La question des décès était déjà posée, dès le printemps, par de nombreux observateurs internationaux. À l’époque, le gouvernement justifiait cet écart entre le nombre de cas et le nombre de morts par le fait que la Russie n’attribuait pas un décès au coronavirus s’il était lié à un autre problème - respiratoire, pulmonaire... Le département de la Santé affirmait d’ailleurs que, selon leur méthode de classement, 60% des personnes atteintes du Covid-19 mourraient d’autre chose, rappelle la radio américaine Wamu.

Poutine botte en touche

Le président russe Vladimir Poutine se défend en expliquant que si le nombre de morts liées au Covid-19 est plus important durant cette deuxième vague, c’est que les méthodes pour diagnostiquer les raisons du décès se sont améliorées depuis le printemps dernier, rapporte The Moscow Times. Par ailleurs, il s’est félicité, le 21 octobre dernier, du fait que “la mortalité générale a baissé de presque la moitié comparé au printemps, ce qui est, après tout, le principal indicateur de l’état du système de santé dans son ensemble”. Or, les dernières statistiques officielles disponibles remontent au mois d’août. Elles montrent effectivement un recul à ce moment-là - mais qui date d’avant la reprise de l’épidémie.

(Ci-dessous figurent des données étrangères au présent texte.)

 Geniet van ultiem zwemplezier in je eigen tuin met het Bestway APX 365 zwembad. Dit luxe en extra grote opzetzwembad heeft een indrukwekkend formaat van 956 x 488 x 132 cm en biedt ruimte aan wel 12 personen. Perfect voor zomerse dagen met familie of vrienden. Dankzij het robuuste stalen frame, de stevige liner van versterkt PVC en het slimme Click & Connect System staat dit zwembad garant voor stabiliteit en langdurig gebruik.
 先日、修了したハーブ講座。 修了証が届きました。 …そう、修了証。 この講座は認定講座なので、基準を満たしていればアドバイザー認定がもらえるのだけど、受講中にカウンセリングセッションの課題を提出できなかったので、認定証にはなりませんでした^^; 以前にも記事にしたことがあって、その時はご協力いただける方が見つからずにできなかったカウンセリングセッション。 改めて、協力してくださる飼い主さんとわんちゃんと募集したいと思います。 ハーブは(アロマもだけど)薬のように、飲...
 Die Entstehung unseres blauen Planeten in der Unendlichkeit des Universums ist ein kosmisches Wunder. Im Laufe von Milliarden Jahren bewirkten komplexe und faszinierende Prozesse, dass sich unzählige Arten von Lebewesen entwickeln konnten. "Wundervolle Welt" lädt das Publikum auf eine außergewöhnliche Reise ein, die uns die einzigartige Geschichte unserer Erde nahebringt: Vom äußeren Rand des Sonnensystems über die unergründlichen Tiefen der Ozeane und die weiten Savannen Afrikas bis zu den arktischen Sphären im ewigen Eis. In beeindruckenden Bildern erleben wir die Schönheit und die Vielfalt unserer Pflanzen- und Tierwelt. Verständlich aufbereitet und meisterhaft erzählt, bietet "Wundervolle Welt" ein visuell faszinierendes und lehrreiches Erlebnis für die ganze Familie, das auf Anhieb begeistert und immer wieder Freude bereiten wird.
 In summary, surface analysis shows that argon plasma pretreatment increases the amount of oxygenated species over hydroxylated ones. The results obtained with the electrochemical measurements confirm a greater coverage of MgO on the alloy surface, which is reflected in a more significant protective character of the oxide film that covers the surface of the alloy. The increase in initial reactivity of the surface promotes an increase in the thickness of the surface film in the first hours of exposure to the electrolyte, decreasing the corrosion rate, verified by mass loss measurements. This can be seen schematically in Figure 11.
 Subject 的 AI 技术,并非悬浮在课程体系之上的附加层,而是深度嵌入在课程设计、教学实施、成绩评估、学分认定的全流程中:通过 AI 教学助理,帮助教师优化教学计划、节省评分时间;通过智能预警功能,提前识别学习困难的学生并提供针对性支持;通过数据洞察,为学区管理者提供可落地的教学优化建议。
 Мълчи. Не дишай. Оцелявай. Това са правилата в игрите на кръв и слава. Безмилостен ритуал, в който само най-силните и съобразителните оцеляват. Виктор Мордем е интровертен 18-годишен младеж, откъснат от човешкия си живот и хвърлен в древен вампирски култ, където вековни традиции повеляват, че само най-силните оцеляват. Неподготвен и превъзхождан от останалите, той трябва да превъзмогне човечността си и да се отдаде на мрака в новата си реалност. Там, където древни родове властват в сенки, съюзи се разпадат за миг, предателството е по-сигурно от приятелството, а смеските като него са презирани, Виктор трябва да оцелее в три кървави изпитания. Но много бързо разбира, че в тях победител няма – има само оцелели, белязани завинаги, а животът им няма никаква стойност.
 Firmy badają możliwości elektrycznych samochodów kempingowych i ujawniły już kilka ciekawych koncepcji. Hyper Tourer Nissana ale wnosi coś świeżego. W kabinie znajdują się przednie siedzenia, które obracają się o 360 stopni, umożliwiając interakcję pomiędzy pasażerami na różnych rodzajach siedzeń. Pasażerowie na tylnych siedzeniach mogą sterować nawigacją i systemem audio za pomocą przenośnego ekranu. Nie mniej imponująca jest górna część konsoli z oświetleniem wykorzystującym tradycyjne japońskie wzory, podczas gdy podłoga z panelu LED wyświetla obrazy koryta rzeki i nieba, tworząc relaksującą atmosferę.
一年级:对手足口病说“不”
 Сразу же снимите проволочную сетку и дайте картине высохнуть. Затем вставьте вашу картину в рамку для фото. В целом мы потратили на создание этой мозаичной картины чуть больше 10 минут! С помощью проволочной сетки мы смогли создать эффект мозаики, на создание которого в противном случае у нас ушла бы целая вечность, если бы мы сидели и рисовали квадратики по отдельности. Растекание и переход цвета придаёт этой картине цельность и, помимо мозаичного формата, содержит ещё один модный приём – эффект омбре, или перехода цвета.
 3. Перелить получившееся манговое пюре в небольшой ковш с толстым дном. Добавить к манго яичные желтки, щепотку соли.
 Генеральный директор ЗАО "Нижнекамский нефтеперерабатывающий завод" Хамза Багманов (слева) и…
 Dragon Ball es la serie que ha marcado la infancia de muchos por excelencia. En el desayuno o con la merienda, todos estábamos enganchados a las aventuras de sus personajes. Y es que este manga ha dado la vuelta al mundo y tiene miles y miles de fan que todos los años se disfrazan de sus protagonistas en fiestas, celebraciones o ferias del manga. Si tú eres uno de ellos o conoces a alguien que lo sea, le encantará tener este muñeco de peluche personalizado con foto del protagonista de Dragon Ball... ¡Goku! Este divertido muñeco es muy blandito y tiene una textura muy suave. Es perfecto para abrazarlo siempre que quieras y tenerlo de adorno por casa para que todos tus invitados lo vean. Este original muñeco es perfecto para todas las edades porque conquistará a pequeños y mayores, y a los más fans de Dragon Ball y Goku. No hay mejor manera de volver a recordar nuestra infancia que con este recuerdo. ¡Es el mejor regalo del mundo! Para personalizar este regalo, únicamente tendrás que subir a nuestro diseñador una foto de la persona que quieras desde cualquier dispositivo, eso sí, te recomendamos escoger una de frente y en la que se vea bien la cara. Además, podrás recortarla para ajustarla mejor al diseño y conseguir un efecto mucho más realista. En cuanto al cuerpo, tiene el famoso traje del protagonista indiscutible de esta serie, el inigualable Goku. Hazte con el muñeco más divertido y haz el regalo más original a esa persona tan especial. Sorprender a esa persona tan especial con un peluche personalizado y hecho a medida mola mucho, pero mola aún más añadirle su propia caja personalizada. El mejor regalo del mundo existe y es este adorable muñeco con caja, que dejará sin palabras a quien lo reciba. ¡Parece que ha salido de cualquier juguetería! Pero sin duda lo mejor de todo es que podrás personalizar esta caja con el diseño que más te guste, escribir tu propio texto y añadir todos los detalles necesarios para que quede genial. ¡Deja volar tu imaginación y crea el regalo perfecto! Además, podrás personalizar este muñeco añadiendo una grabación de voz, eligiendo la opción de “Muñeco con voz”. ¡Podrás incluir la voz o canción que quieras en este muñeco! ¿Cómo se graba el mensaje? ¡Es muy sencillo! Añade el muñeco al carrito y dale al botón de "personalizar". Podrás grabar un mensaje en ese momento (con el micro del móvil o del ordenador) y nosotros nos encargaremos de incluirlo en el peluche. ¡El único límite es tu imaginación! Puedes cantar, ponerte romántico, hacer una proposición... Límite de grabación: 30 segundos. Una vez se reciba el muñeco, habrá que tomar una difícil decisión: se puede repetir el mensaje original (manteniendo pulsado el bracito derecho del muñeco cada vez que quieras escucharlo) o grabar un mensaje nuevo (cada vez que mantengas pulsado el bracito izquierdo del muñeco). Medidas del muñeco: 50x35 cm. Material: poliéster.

Or l’intensité de cette deuxième vague laisse craindre le pire. Cette fois-ci, outre les grandes villes, d’autres régions plus isolées sont durement touchées, comme l’Oural, la Sibérie, et la région frontalière avec le Kazakhstan, rapporte The Guardian. Et les témoignages du personnel soignant sont accablants. Entre manque de personnel, manque de place et même de matériel - un hôpital de l’ouest de la Russie a fait face à une dizaine de décès en une journée faute d’oxygène disponible -, la situation est critique.

Durant cette deuxième vague, les chiffres officiels pourraient, une fois de plus, être encore bien en dessous de la vérité : selon Alexeï Rakcha, de nombreux bureaux de l’état civil auraient arrêté de rendre compte des nouveaux morts, et principalement ceux des régions les plus durement touchées par l’épidémie.